Zondag 1 juli ontbeten we op ons terras van het zomerhuisje in Ferch. We luisterden naar de viering vanuit Roden; hoorden we daar in Duitsland Dea de schriftlezing doen en Walter preekte over het dochtertje van Jairus. Van die preek heb ik alleen het begin gehoord; om 10.30 uur begon de dienst in het oude visserskerkje in het dorp, daar wandelde ik naar toe.
Op het kerkpad ontmoette ik een boomlange meneer helemaal in het zwart, naar later bleek de voorganger. “Besuchen Sie unserer Gottesdienst?” Op mijn bevestigende antwoord klaarde hij helemaal op en voordat we binnen waren wist ik al dat hij een groot bewonderaar was van Herman van Veen.

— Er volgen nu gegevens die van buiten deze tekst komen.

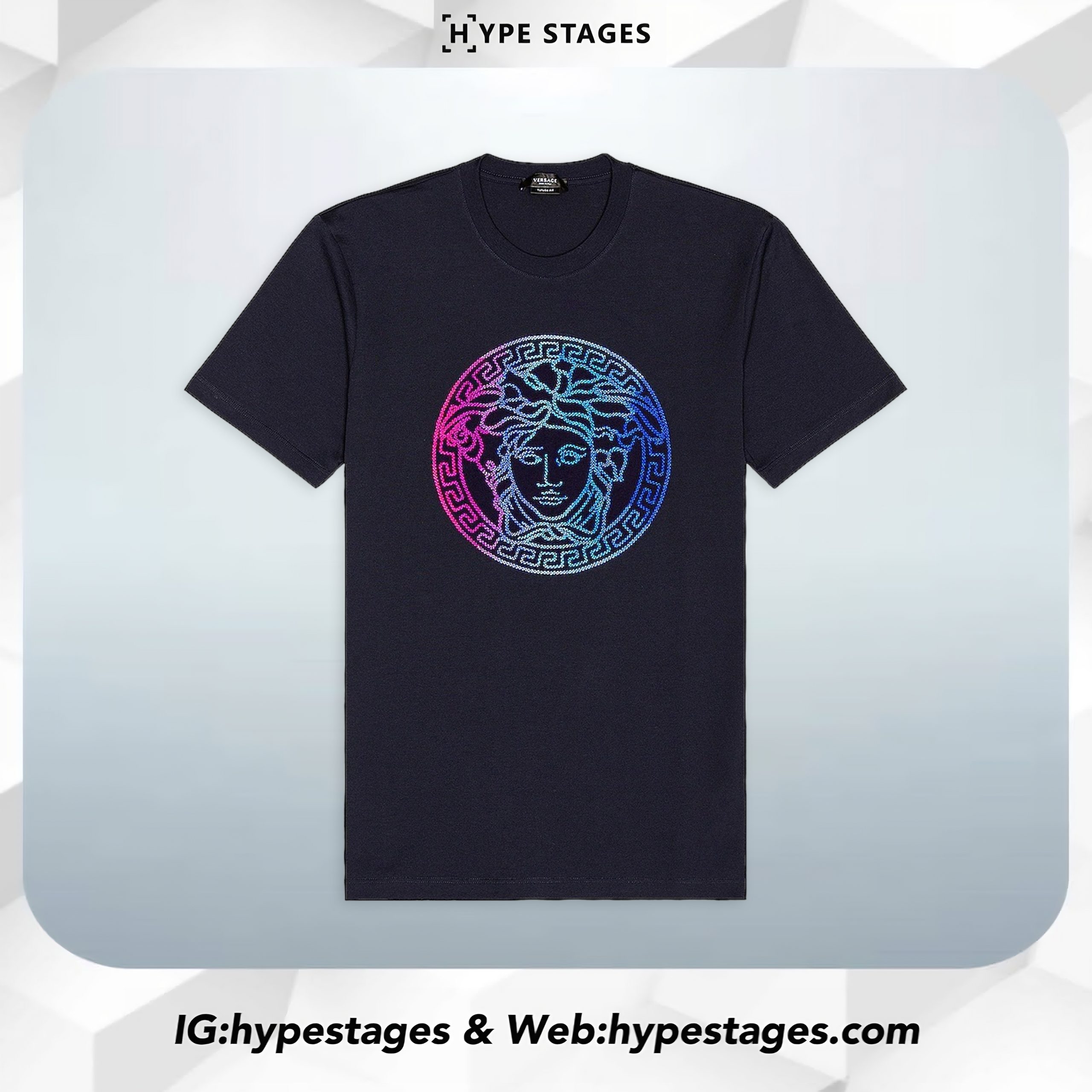 The Versace Navy Embroidery Medusa Tee merges iconic luxury with bold craftsmanship. Crafted from premium cotton, this navy tee showcases a striking multicolor embroidered Medusa head at the chest — a timeless emblem of Versace’s mythological identity and bold fashion statement.

Uit de gesprekken met de andere gemeenteleden leidde ik af dat men niet veel kerkgangers verwachtte; er was zaterdagavond in een ander deel van de gemeente een grote doopviering geweest. Je kunt het kerkje in dit dorpje het best vergelijken met onze Jacobskerk in Roderwolde.
Het bezoekersaantal haalde de tien niet. De dominee vroeg of we in een kringetje om hem heen kwamen zitten; het leek alsof we in een huiskamer zaten. Het zingen was niet best: de organist speelde alsof de kerk vol zat en de heren links en rechts van mij bakten er niet veel van. Ondanks dat was het een bijzondere ervaring. De preek ging over de uitspraak van Jezus dat je zijn volgeling niet kunt zijn als je je familie niet haat.

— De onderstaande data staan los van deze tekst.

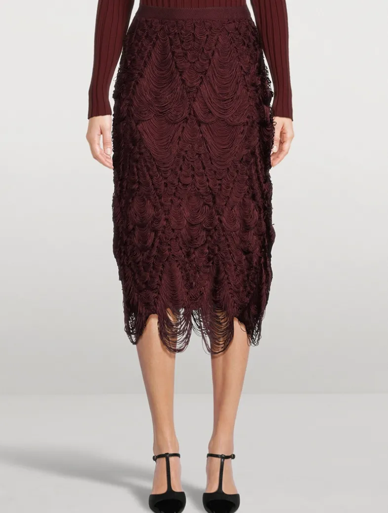 Layers of delicate fringe is draped along the body of this midi, lending an opulent touch to the piece. It is crafted from a silk-blend knit and cut to sit high on the waist with a slim-fit silhouette.

De voorganger bleef in de kring zitten tijdens zijn verhaal. Hij keek ons om beurten aan en legde uit dat ‘haten’ niet een erg goede vertaling was. Jezus bedoelde ‘afstand. Je moet soms afstand betrachten ten opzichte van je familie, je vrienden en je achtergrond. “Ik ben opgegroeid in de voormalige DDR en studeerde bij een professor die ons leerde dat we zelf moesten nadenken. Dat was alleen wel moeilijk in ons land, want we mochten wel de krant lezen die door ons kerkgenootschap werd uitgegeven (onder staatstoezicht),
maar we mochten de artikelen niet uitknippen, voorzien van eigen commentaar en bewaren. Er werd voor ons gedacht.”
Maar ondertussen hadden de professor en zijn leerlingen mappen vol artikelen met eigen aantekeningen die natuurlijk niet in de boekenkast stonden.
“Jezus bedoelt dat je hem alleen kunt volgen ‘wenn Kopf und Herz frei sind’. Laat je niet binden door knellende banden die je vertellen wat wel en niet mag, wat wel en niet hoort en wat je moet denken. Altijd zelf blijven nadenken.”
De predikant betrok ons allemaal bij de viering en gaf ons tekstgedeelten om voor te lezen. In mijn beste Duits las ik een stukje van het gebed.
Het Onze Vader sprak ik gewoon in het Nederlands mee.
Altijd als ik in het buitenland naar de kerk ga ontroert me de liturgie. Dezelfde woorden als bij ons, uitgesproken in een andere taal, maar even veelzeggend en vertrouwd. Die morgen ervoer ik ook weer eens dat een fijne viering niet afhangt van het aantal mensen. De kerkdienst met deze kleine kring mensen in de eenvoudige visserskerk zal me altijd bijblijven als een van de bijzonderste vieringen uit mijn leven.
Hieronder nog het kleine gedeelte uit het gebed dat ik voor mocht lezen:
Wie beten für die, die arm geworden sind: arm an Fantasie, arm an Leidenschaft oder arm an menschlicher Wärme. Ein leeres Leben ist nicht so leicht zu füllen wie ein leerer Becher. Hilf uns lernen von deiner Barmherzigkeit und deiner mittreissende Liebe.
Wir rufen zu Dir: höre uns, wir rufen Dich.